English, Homeschool, Writing
Comments 2

The Sneaky Way to Teach Writing

Use this tip to sneak #writing into your #homeschool! via lagarfias.com

Are you looking for ways to make teaching writing easier? I know I am. I run a “writing club” for my two boys and niece, and traditional writing makes all three of them cry. True story.

So, I’ve resorted to finding other ways to teach writing. Since I teach the writing club, I spend a lot of time mulling over this concept. I brainstorm and look for ways to make the writing process less painful. I surprised myself with the tip I will share today. It’s SO sneaky that I didn’t realize I was teaching writing!

What’s my sneaky secret? Audio books.

I know. I know. I should have realized it. After all, one of the reasons for doing a read aloud time is to strengthen a child’s language skills. When my seven year-old son started mimicking Donald J. Sobol’s (Encycolpedia Brown) similes while narrating his imaginary play, the light bulb turned on in my head. They were learning writing from listening!

Listening to an audio book is as close to teaching writing by osmosis as you can get.

Obviously listening to an audio book isn’t a traditional writing class. However, this is as close to teaching by osmosis as you can get. You may notice your child talking with more imagery or longer sentences. That will eventually affect his writing. Later when discussing various aspects of writing in class, you can use examples from the books you’ve heard together.

What writing skills do your kids learn from audio books?

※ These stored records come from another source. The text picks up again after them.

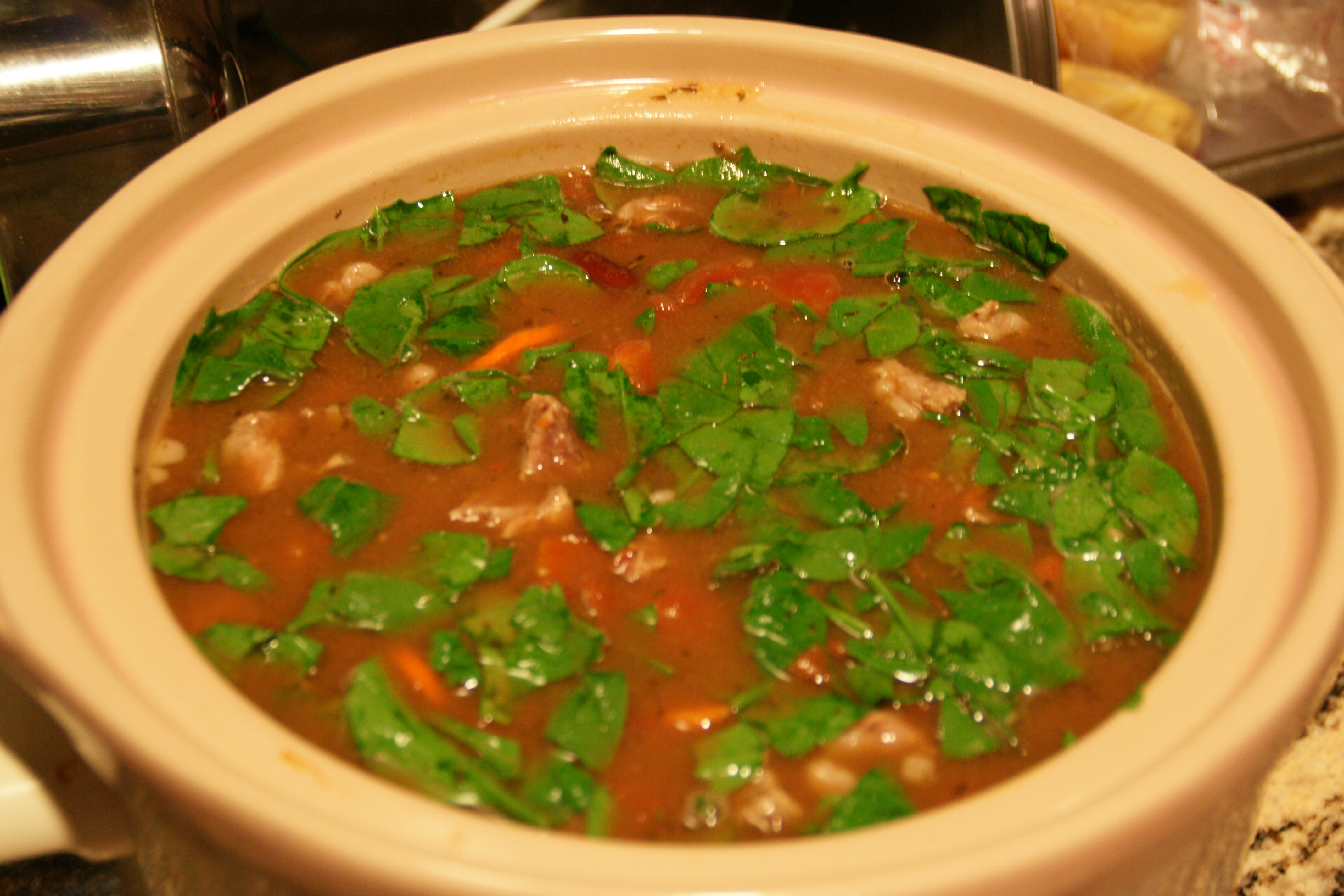 You can find the original minestrone recipe here; the only changes I made were to use beef broth in a carton (Pacific, my go-to brand), baby spinach instead of summer squash, and to add some additional herbs– bay leaf, and thyme.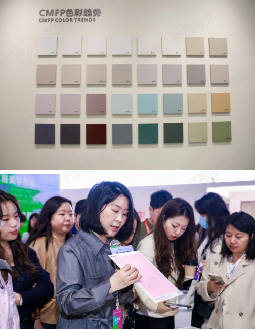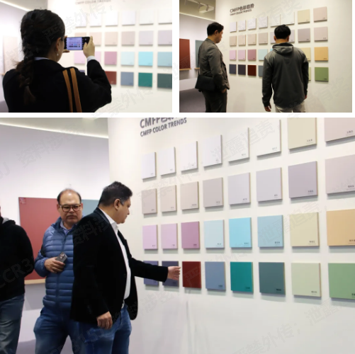 圍繞“色彩”和“紋理”兩大核心方向,邦弗特CMFP創意設計團隊結合飾面材料的材質和工藝,推出板材涂飾材料的色彩趨勢,打造中性、復古為主的整面色彩墻,吸引不少觀眾駐足觀看。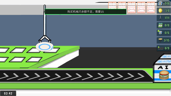 AI老爹汉堡店中文版是由B站up主M木糖M制作的一款经营模拟手游,玩家在游戏中将要经营一座汉堡店,每天都会有各种不同的顾客来到你的汉堡店点餐,你需要根据顾客的需求,在规定的时间内做出汉堡,否则就算失败。同时游戏内有着大量的制作道具,玩家可通过出售汉堡获取金币,然后升级相应设备,如机械爪、传送带、餐桌、汉堡机等,以此加快汉堡的制作速度,完成更多顾客的订单。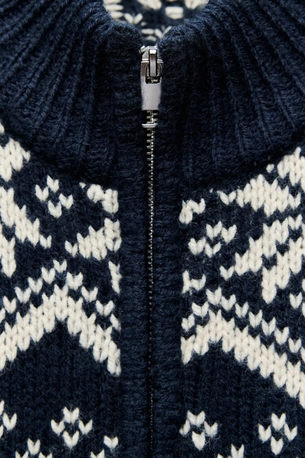 Chaqueta confeccionada con lana. Cuello redondo y manga larga. Detalle de tejido combinado con jacquard y ochos. Cierre frontal con cremallera.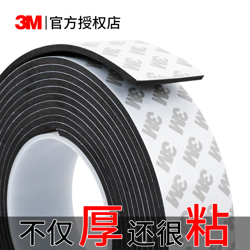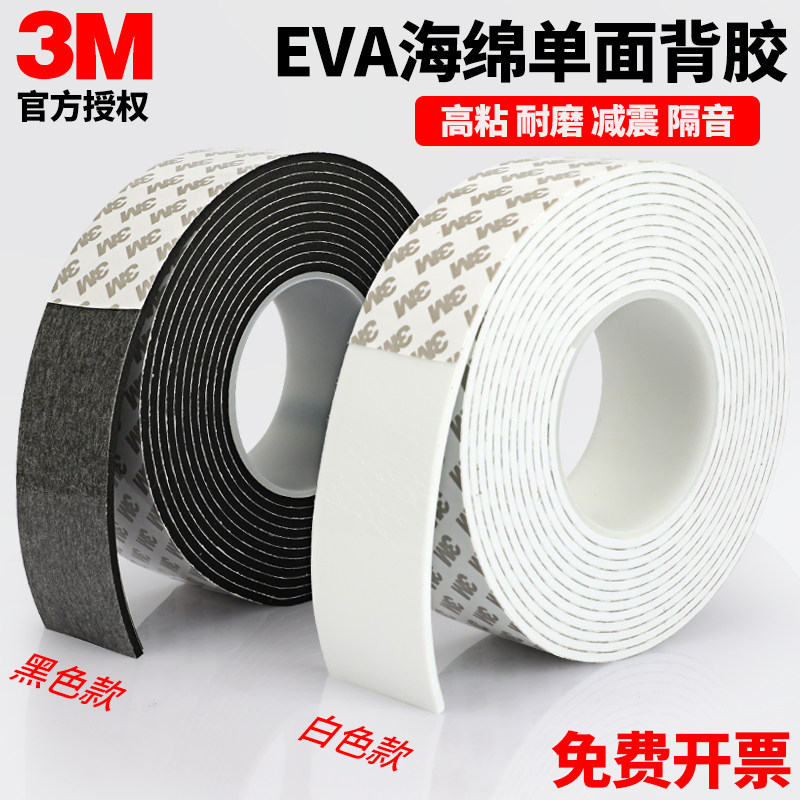 3m单面EVA泡棉加宽加厚自粘泡沫胶条防震缓冲防撞门窗密封条耐磨缓冲汽车隔音黑色海绵胶带123mm厚防滑胶贴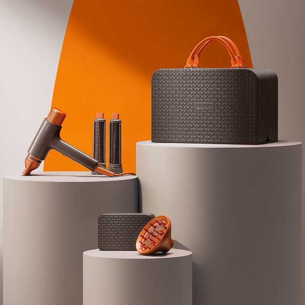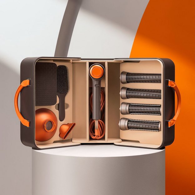Модель представлена в удобном кейсе вместе с набором аксессуаров. Цилиндрические насадки разного диаметра позволяют создать идеальные локоны и прикорневой объем, концентратор помогает высушить, завить или выпрямить пряди. Комплект дополняют расческа, органайзер и диффузор для вьющихся волос.
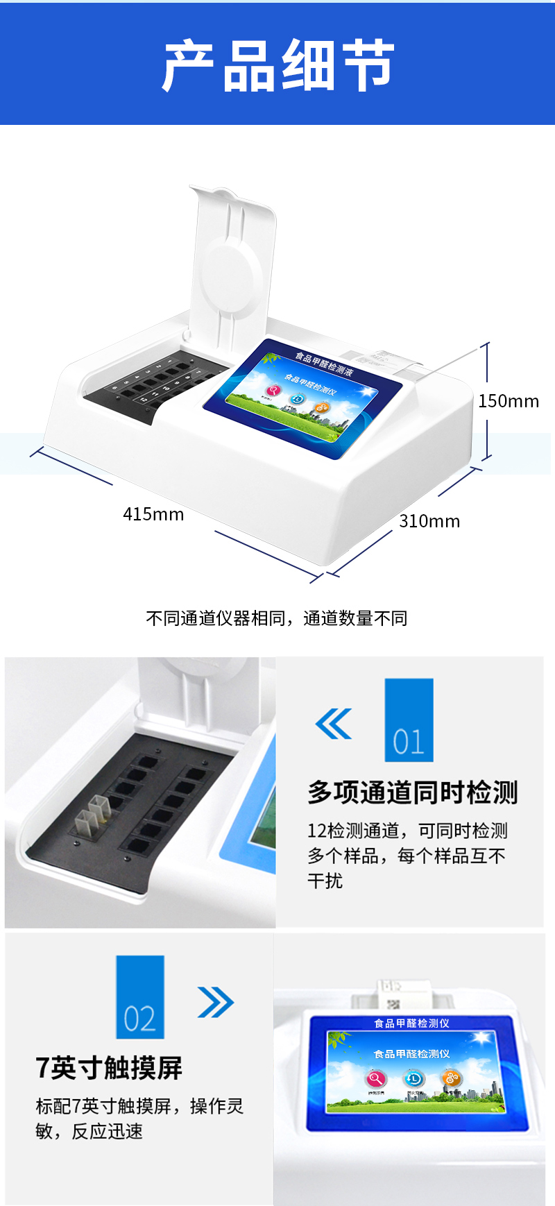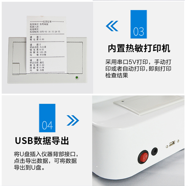 | 儀器采用臺(tái)式一體化系統(tǒng)檢測(cè)技術(shù),將分光光度模塊、新型農(nóng)殘檢測(cè)模塊、數(shù)字化管理模塊、無(wú)線通訊模塊高度集成于一體,支持檢測(cè)200種食品安全檢測(cè)項(xiàng)目,同時(shí)預(yù)留升級(jí)檢測(cè)方法。 | 儀器檢測(cè)模塊標(biāo)準(zhǔn)化、智能化,可隨意自由組合。檢測(cè)箱體內(nèi)置多個(gè)標(biāo)準(zhǔn)檢測(cè)單元,檢測(cè)模塊可以調(diào)整配置。 | 儀器采用全新安卓智能系統(tǒng),主控芯片采用 ARM Cortex-A7,RK3288/4核處理器,10.1寸高清液晶觸摸豎屏,更加**的UI交互界面,運(yùn)轉(zhuǎn)快捷;儀器配備無(wú)線通信模塊: 4G(APN)通訊模塊、Wifi模塊,藍(lán)牙傳輸,同時(shí)具有雙USB接口以及RJ45接口能以多種方式實(shí)現(xiàn)數(shù)據(jù)保存和數(shù)據(jù)傳輸功能。 | 創(chuàng)新檢測(cè)模式: | ★檢測(cè)通道:≥12通道;采用精密旋轉(zhuǎn)比色池設(shè)計(jì),使用同芯片同光源校準(zhǔn)精度,解決不同光源之間的誤差值。1-12通道間誤差0.1%。(***:**202022821055.2) | ★儀器具有自動(dòng)識(shí)別比色皿檢測(cè)功能,即:將樣品比色皿放入儀器后,點(diǎn)擊樣品檢測(cè),儀器自動(dòng)識(shí)別比色皿進(jìn)行通道檢測(cè)。 | 進(jìn)口高精光源: | 高精度進(jìn)口四波長(zhǎng)冷光源,通道配置 410、520、590、630nm 波長(zhǎng)光源,一個(gè)光源芯片驅(qū)動(dòng)一個(gè)光源,誤差極小,每臺(tái)設(shè)備單獨(dú)**校準(zhǔn)光源,**比對(duì),同時(shí)參照四種不同波段光源全方位覆蓋市面上99%的農(nóng)殘食品項(xiàng)目檢測(cè)。 | 智能化操作系統(tǒng): | 便捷操作系統(tǒng):設(shè)備檢測(cè)時(shí)可在同一檢測(cè)界面自動(dòng)對(duì)應(yīng)相關(guān)檢測(cè)通道一次性選擇1-12個(gè)樣品名稱,無(wú)須退出界面,節(jié)省操作時(shí)間。 | 數(shù)據(jù)集成系統(tǒng):設(shè)備首頁(yè)自動(dòng)統(tǒng)計(jì)檢測(cè)數(shù)據(jù)包含:周檢測(cè)數(shù)據(jù)、月檢測(cè)數(shù)據(jù),全部檢測(cè)總數(shù)量,均包含檢測(cè)總數(shù),合格數(shù),不合格數(shù),以及相關(guān)柱形分析圖,對(duì)各項(xiàng)檢測(cè)數(shù)據(jù)清晰掌握,無(wú)需電腦查詢,更加快捷直觀。 | 項(xiàng)目預(yù)設(shè)系統(tǒng):支持添加單個(gè)及多個(gè)相同或不相同的任務(wù)預(yù)設(shè),一鍵快速調(diào)取,每一個(gè)任務(wù)分別可以設(shè)置不同的樣品、批次、編號(hào)、來(lái)源、備注、抽樣信息、檢測(cè)信息、受檢信息、復(fù)核信息等更多信息。無(wú)縫鏈接平臺(tái)和APP實(shí)時(shí)查看下發(fā)任務(wù)。 | 數(shù)據(jù)監(jiān)管系統(tǒng):同步對(duì)接監(jiān)管平臺(tái),數(shù)據(jù)可局域網(wǎng)和互聯(lián)網(wǎng)數(shù)據(jù)上傳,檢測(cè)結(jié)果可選擇直接傳至食品安全監(jiān)管平臺(tái)。集成OSS輸出存儲(chǔ)服務(wù)、區(qū)分設(shè)備定向管理應(yīng)用,進(jìn)行區(qū)域食品安全監(jiān)管及大數(shù)據(jù)分析處理與數(shù)據(jù)統(tǒng)計(jì),檢測(cè)區(qū)域食品安全長(zhǎng)短期動(dòng)態(tài),達(dá)到食品安全問(wèn)題預(yù)估、預(yù)警。 | 自定義打印系統(tǒng):內(nèi)置全新打印系統(tǒng),新創(chuàng)自定義打印方式,可按需靈活設(shè)置開(kāi)啟或關(guān)閉:產(chǎn)品合格證(國(guó)家農(nóng)業(yè)部標(biāo)準(zhǔn)要求),二維碼,抽樣信息、檢測(cè)信息,受檢信息、復(fù)核信息、抽樣日期、檢測(cè)日期等信息的打印。 | 系統(tǒng)遠(yuǎn)程更新功能:可定向分客戶分儀器更新系統(tǒng),按照不同客戶后期實(shí)際需求添加項(xiàng)目,無(wú)需機(jī)器返廠,即可遠(yuǎn)程實(shí)時(shí)升級(jí)全新系統(tǒng),節(jié)省時(shí)間成本及避免運(yùn)輸造成設(shè)備損壞。 | 儀器主機(jī)采用一體化防水、抗壓、防撞擊、防腐蝕箱體設(shè)計(jì),同時(shí)配備交直流供電,可連接車載電源,可選配大容量充電鋰電池,滿足現(xiàn)場(chǎng)野外檢測(cè)需求。 | 安全證書(shū),放心保障:儀器具有中國(guó)計(jì)量科學(xué)研究院校準(zhǔn)證書(shū),權(quán)威認(rèn)證。 |

  • Sentence style –The variety of sentences your student hears will enhance his conversational and writing skills.
  • Imagery — This is one of my favorite benefits. Even if your child uses the exact same words in her play or writing, she is modeling quality writing. After hearing an abundance of good similes, metaphors, and other types of imagery, it will be easier to teach the subject.
  • Characterization — If you really want to get into characterization, find a series as an audio book. Then you can follow the characters and see how the author carries their behavior through to each book. Nate the Great is an easy example of this.
  • Foreshadowing — When you’re listening together, you can point out hints to what may be coming.
  • Full circle — Do things come “back around” and end up at the same place as the beginning, perhaps on a better level?
  • Word play — Your child may notice things like onomatopoeia and alliteration more when he can hear it and is not worried about actually reading the words. He can also notice the rhythm of combining words and appreciate words authors create.

If you’d like some ideas for free audio books, here’s a Facebook post from All About Learning Press that discusses resources.

Want more ideas for alternative methods to teach writing?

I have a new series starting tomorrow, “Teaching Writing Without Writing”. Head over to my blog and subscribe so you don’t miss out!

Do you have any other benefits of audio books? I’d love to hear!

2 Comments

  1. Thank you SO much for sharing this, Lea Ann! We have discovered over the last year and a half that Sam is dyslexic and trying to teach him Language/Literature/Writing has, at times, seemed an impossible prospect for someone who LOVES all three (as you know!). I had considered audiobooks before, but now, I am convinced! Thank you for sharing Jenny’s blog about this.